THE TASK — Retype the whole listing below exactly, keeping every picture out of it.

==== DATASET CONTENT

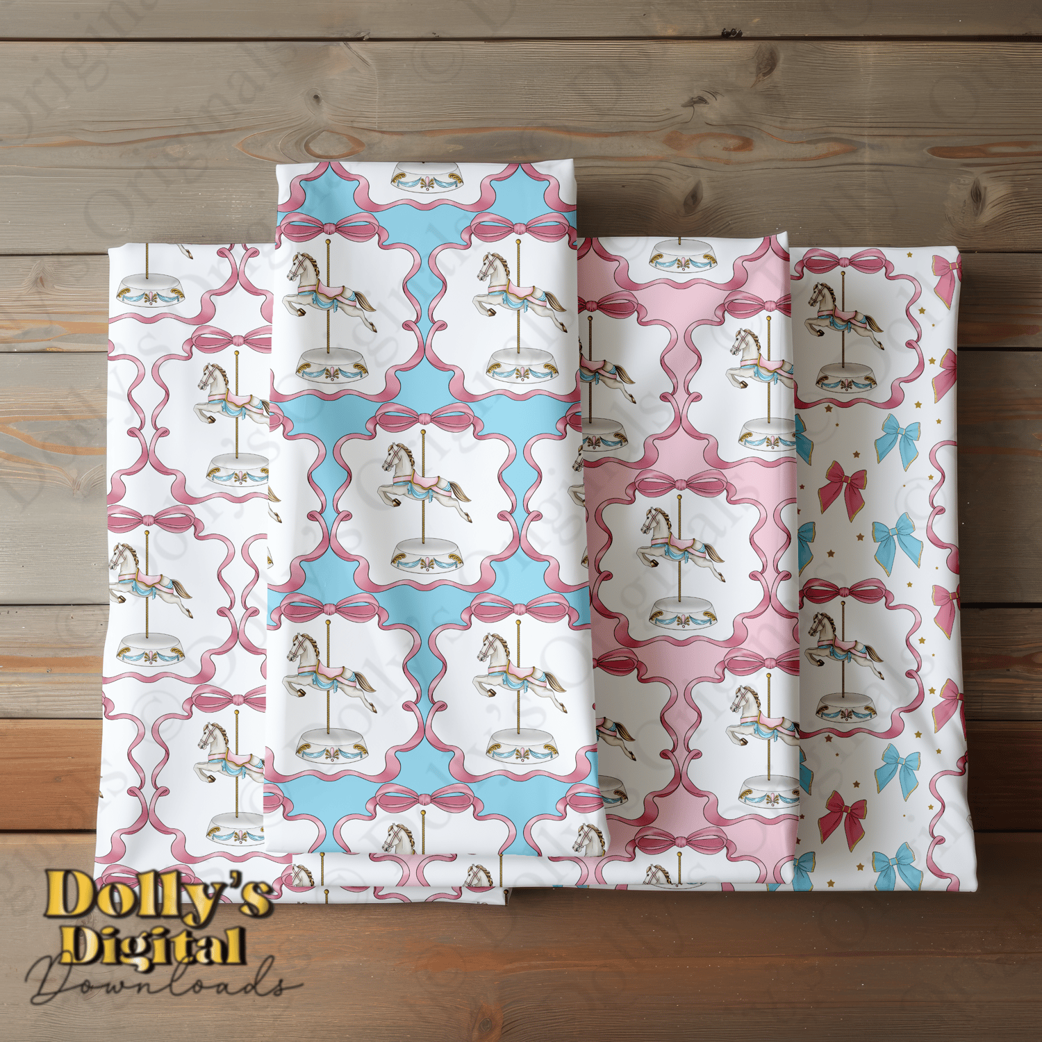Includes the Carousel Horse Seamless Patterns PNG tiles (4 PNG’s)
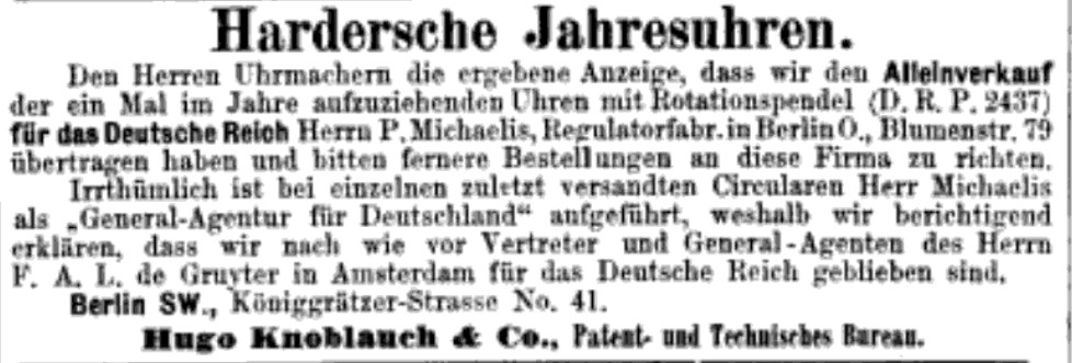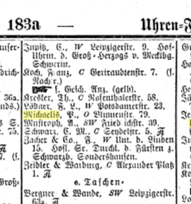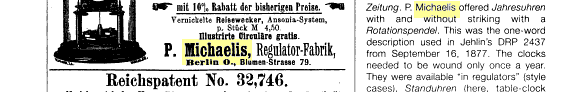 Michaelis значится в списках часовщиков и торговцев часами. В 1877 году они выпустили следующую заметку в газете DUZ: "1 апреля 1877 года производители регуляторов P.
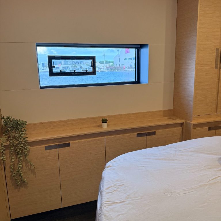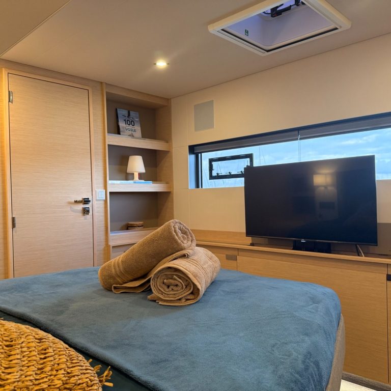 L’accès à la Master Bedroom est double : par le salon ou par le cockpit arrière. Elle dispose de sa télévision privative.

========

RESPONSE TO THE EXERCISE —
Includes the Carousel Horse Seamless Patterns PNG tiles (4 PNG’s)
 Michaelis значится в списках часовщиков и торговцев часами. В 1877 году они выпустили следующую заметку в газете DUZ: "1 апреля 1877 года производители регуляторов P.
 L’accès à la Master Bedroom est double : par le salon ou par le cockpit arrière. Elle dispose de sa télévision privative.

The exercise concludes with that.